#### GIVEN MATERIAL
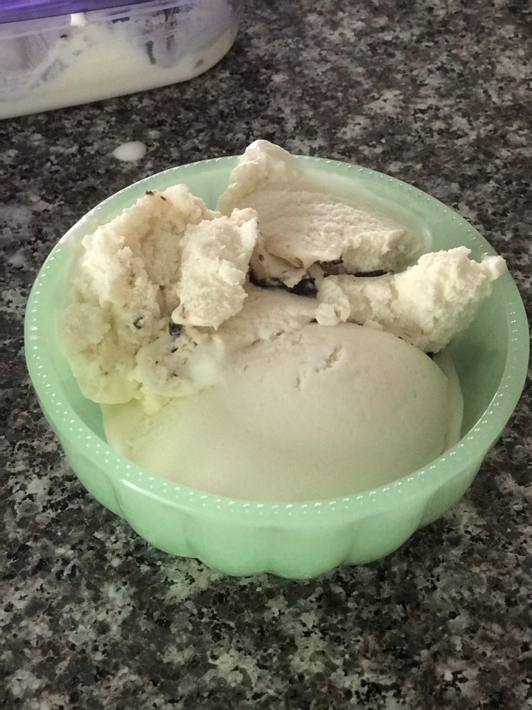 Freeze in ice cream maker until soft serve texture. Transfer to air right container and freeze until hard.
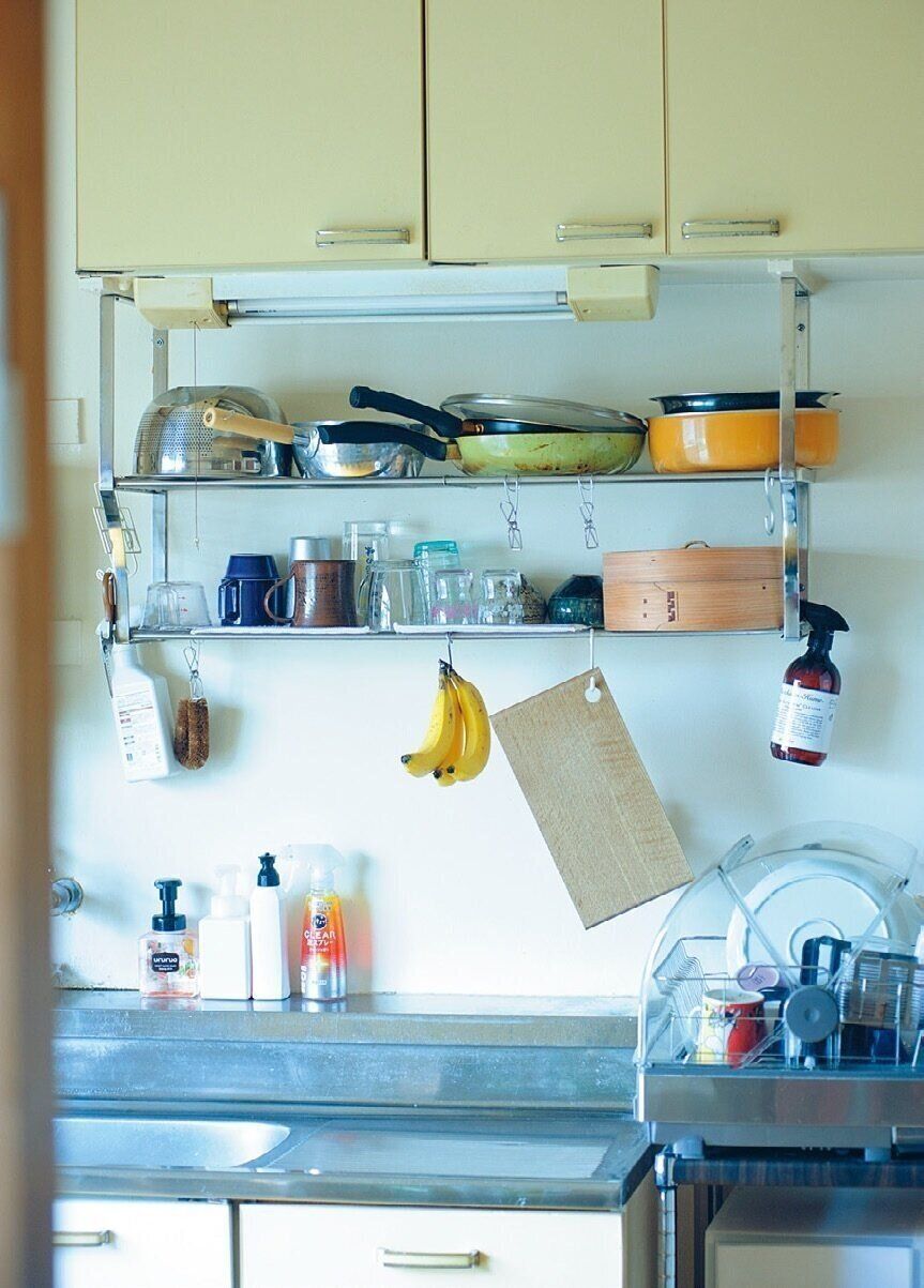 鍋やボウルはシンク上の棚に置けるだけ。食器棚も処分して、器はシンク下に入る分だけに厳選しました。「しまう場所がなければ、物をやたら増やせないので、買い物も慎重に考えるようになりました」。
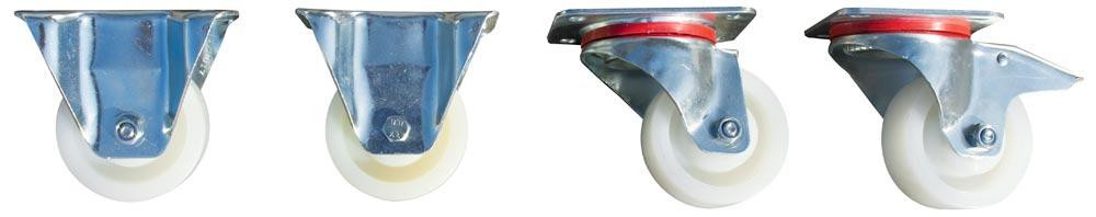 2 Lenk- und 2 Bockrollen aus Polyamid, Durchm. 100 mm, Bauhöhe 125 mm

#### ASSIGNMENT
The copy must match the listing above exactly but contain no pictures.

#### EXERCISE RESPONSE
 Freeze in ice cream maker until soft serve texture. Transfer to air right container and freeze until hard.
 鍋やボウルはシンク上の棚に置けるだけ。食器棚も処分して、器はシンク下に入る分だけに厳選しました。「しまう場所がなければ、物をやたら増やせないので、買い物も慎重に考えるようになりました」。
 2 Lenk- und 2 Bockrollen aus Polyamid, Durchm. 100 mm, Bauhöhe 125 mm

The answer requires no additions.